Global Studies and the Humanities

Notes on Global Studies and Critical Theory

Jan Nederveen Pieterse

Global Studies has tended to focus on how institutions manage and individuals experience the flow of goods, ideas, and artifacts across boundaries of various kinds, while Critical Theory tends to focus on the artifact and its communities of interpretation. How might the leading insights of Global Studies influence the further development of Critical Theory, which, especially in the realms of Post-Colonial and Cultural Studies? Can/should a humanities-inflected version of Global Studies act as a successor to Post-Colonial and Cultural Studies?

Critical theory in social science broadly parallels critical theory in humanities. A keynote of critical theory in social science is, following the Frankfurt school, an ‘emancipatory knowledge interest’, i.e. the touchstone of knowledge is whether it serves emancipation, writ large.

Keynotes of global studies thinking include approaches that are

  • Multicentric—i.e. rather than Eurocentric or west-centric
  • Plural—rather than singular (as in modernities rather than modernity)
  • Multiscalar—rather than privileging just the nation state
  • Multilevel—overcoming stratification bias (‘views from above’)

(Nederveen Pieterse 2013)

These are relevant in that as communities of interpretation widen and multiply so must the vantage points from which they, in turn, are comprehended.

We need more than ‘a humanities-inflected version of Global Studies’. Global studies cannot adequately deliver without humanities. Globalization is essentially increasing connectivity over time, which involves hardware (transport, communication, infrastructure) as well as software (subjectivities, institutions, norms). Trade languages, lingua franca are an example. The ‘commercial revolution’ of 1000 BCE was followed by the axial age of intercultural flourishing (800-300 BCE). The trading religions Buddhism and Islam accompanied the expansion of trade in Asia. The Levant trade was a precursor to and backdrop of the Renaissance.

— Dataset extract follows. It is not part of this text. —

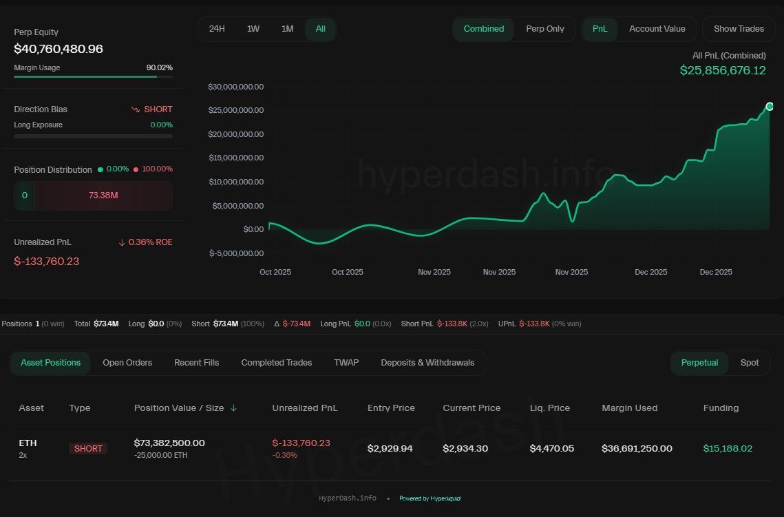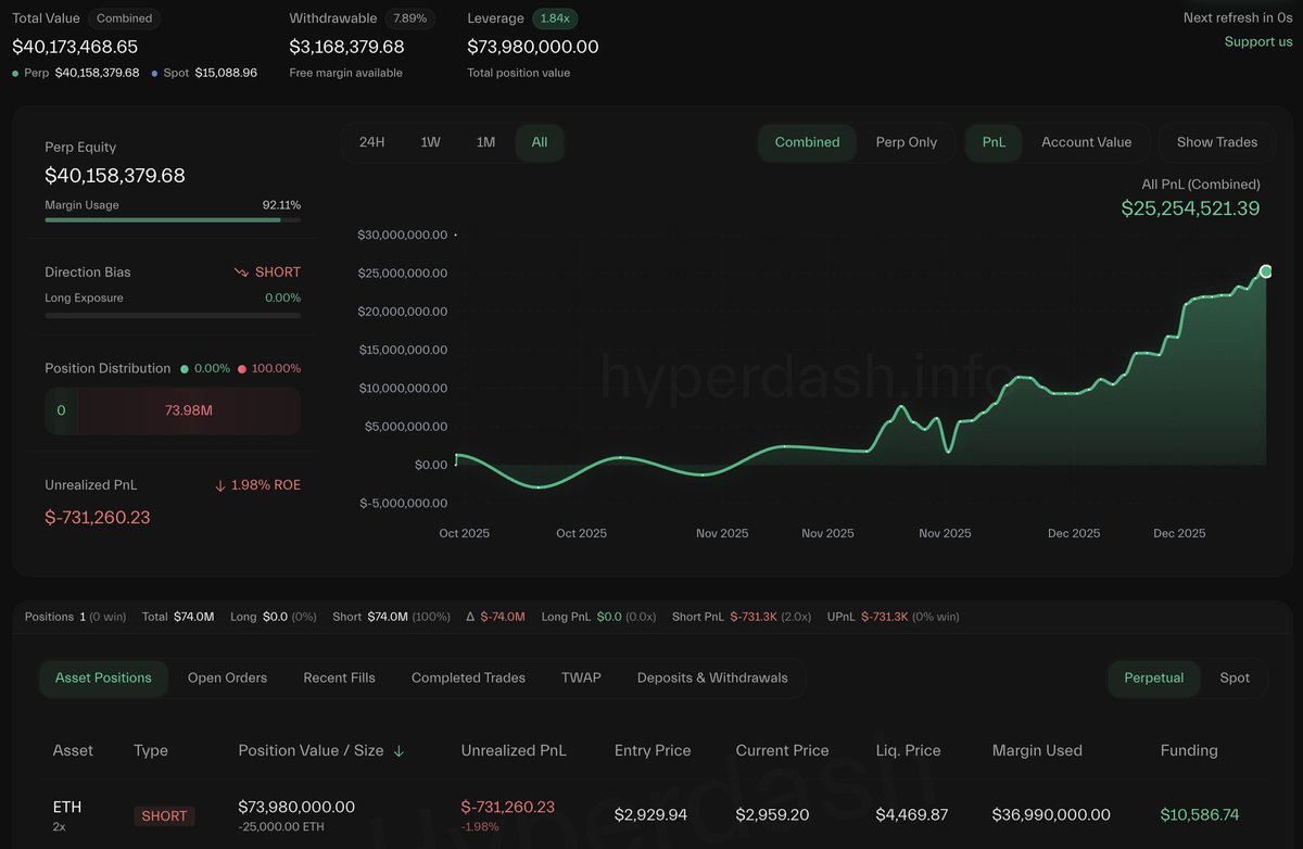 加密货币市场波动导致早期比特币持有者面临巨额浮亏随着加密货币价格持续下跌,杠杆效应开始显现反向作用,一位知名早期比特币持有者正面临巨额账面亏损。持仓概况该早期比特币持有者在比特币、以太坊和Solana的大额多头头寸上承受着约5400万美元的未实现亏损。此番回撤发生在加密货币市场走弱、清算量上升且市场恐慌情绪加剧的背景下。分析师持续警告称,在宏观和政策不确定性时期,高杠杆操作仍然存在较大风险。根据链上分析平台12月16日披露的数据,这个常被称为“比特币元老”的地址目前在三大主流币种的大额多头仓位中面临巨额浮亏。该交易者此前曾实现逾1.19亿美元盈利,但随着市场转弱,利润已缩减至约5000万美元。...

Connectivity doesn’t deliver without accompanying cultural changes and subjectivities, the more so as connectivity becomes dense and complex. Ulrich Beck distinguished between cosmopolitanization (factual crossborder interplay) and cosmopolitanism (normative perspectives on crossborder interaction).

Global studies in relation to the humanities then broadly matches (and must match) social science reorientations and include:

  • Decentering—‘the centre of power is identical with the centre of truth’ (Havel 1985)
  • Thinking plural—rather than a canon, which implies a single center of power, the continuity of a classical tradition, crosscutting sensibilities are relevant (as in social history, feminist studies, Subaltern Studies)
  • An emphasis on idiographic rather than nomothetic knowledge
  • As communities of interpretation widen (aka ‘globalization’) so will the criteria of interpretation. In dialectical fashion this usually evokes both widening circles of identification (as in cosmopolitanism) and nativist reactions; building bridges and building walls.

 

Can/should a humanities-inflected version of Global Studies act as a successor to Post-Colonial and Cultural Studies?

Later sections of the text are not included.